Uzun yıllar boyunca nice dokunaklı ve derinlikli öyküyü yüreğinde sessizce çoğaltan Bahar Kaynakçıoğlu’ndan özgün ve farklı bir “ilk kitap”.
Yaratıcı bir kurguya yaslanan ve bütünlüklü bir kısa romana dönüşen bu kitapta yazar, farklı yaşamları, zamanları ve mekânları ustalıkla birbirine bağlıyor. İnsanların yaşadığı acılar, ayrılıklar, öteki olma hâllerinin o derin etkisi... Mekânlar, evler, sokaklar, kıyılar, tüm bir coğrafya... Tüm bir Ege kültürü... Adalar, İzmir, Rodos, Pire, İstanbul... Mitoloji... Rüzgârlar, esintiler, dalgalar... Oradan oraya savrulan hayatlar... Zaman kırılmaları, mekân/ zaman geçişleri, kişilerin iç dünyasında çoğalan o derin hüzün... Bunların tümünün şiirsel anlatımı büyülüyor insanı.

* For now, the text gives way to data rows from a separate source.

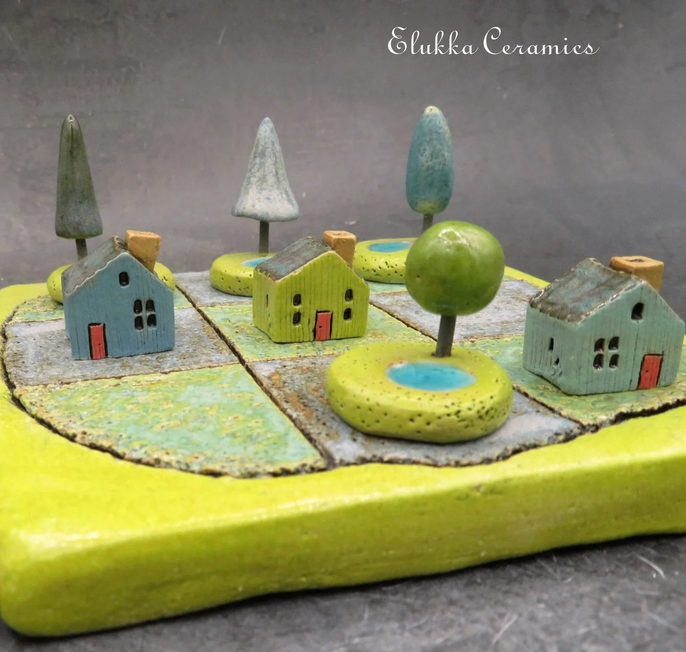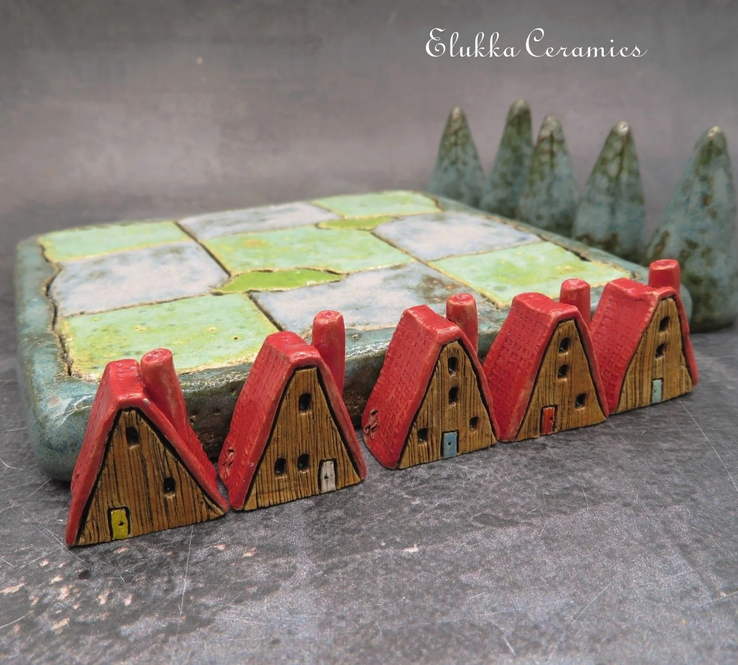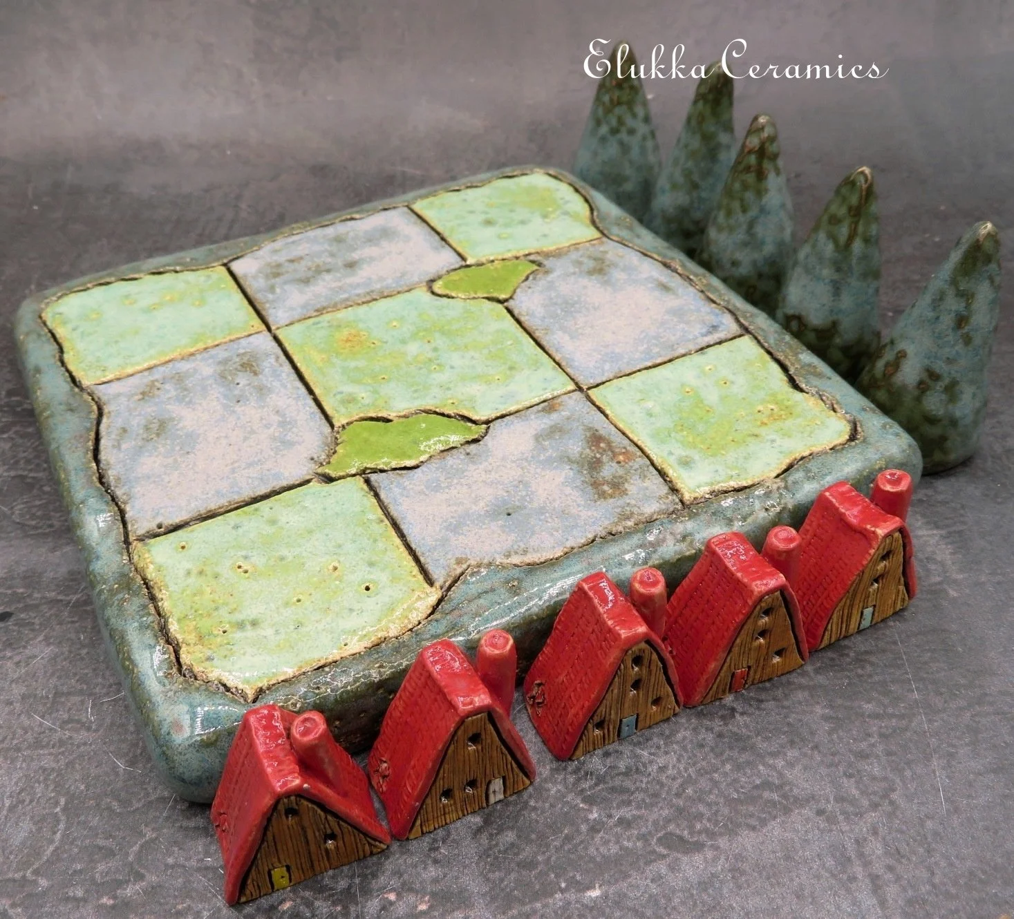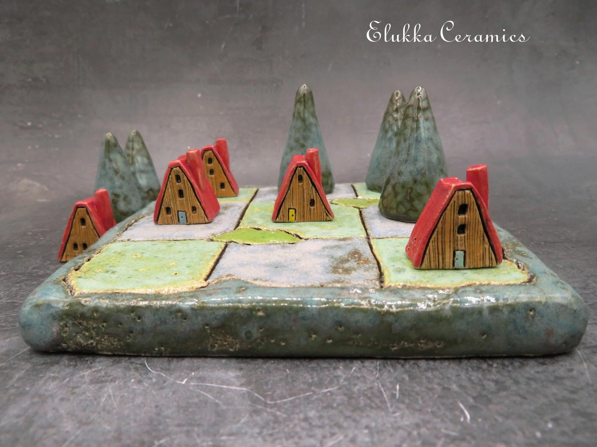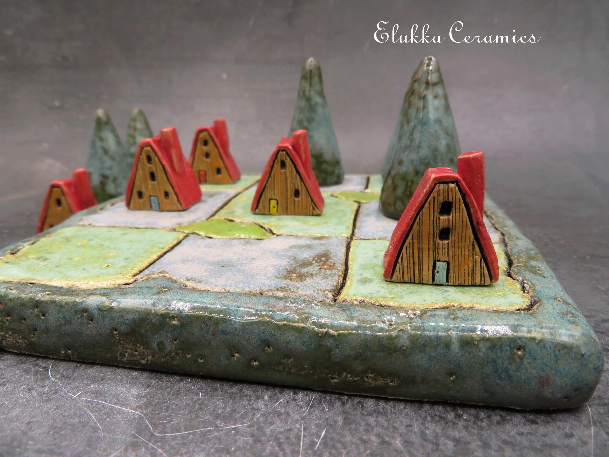 Winter Holiday...Miniature TiC-TaC-ToE Game Set in Stoneware ...Gingerbread Cottages vs. Snowy Pine Trees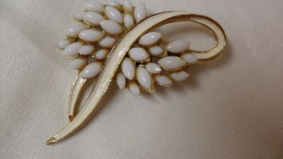 Title (ebay affiliate link): Vintage DESIGNER SIGNED ART MILKGLASS & ENAMELED BROOCH PIN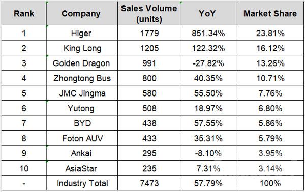 Among the top ten manufacturers, eight posted year-on-year growth. Higer Bus led with the highest growth rate of 851.34%, and Xiamen King Long more than doubled its exports with a 122.32% increase.

Metin içi olaylardaki zaman geçişleri, anımsama süreçleri ve geçmişe gidiş gelişlerle sanki kırılmış bir aynadan yansıyor hayat. Parçalanmış hayatlar, parçalanmış zamanın içinde yer alan olaylar... Bir tür mozaik tekniğiyle modernist tarzda bir kısa roman oluşturuyor yazar.
İngiliz Çukuru’nu okurken zorunlu göçlerin, anayurdundan ayrı kalmanın, yalnızlığın ve yersiz yurtsuzluğun hüznünü; birbirine sevdalı Ege kıyıları ve adalarındaki insanların özlemlerini, kederlerini derinden hissedeceksiniz.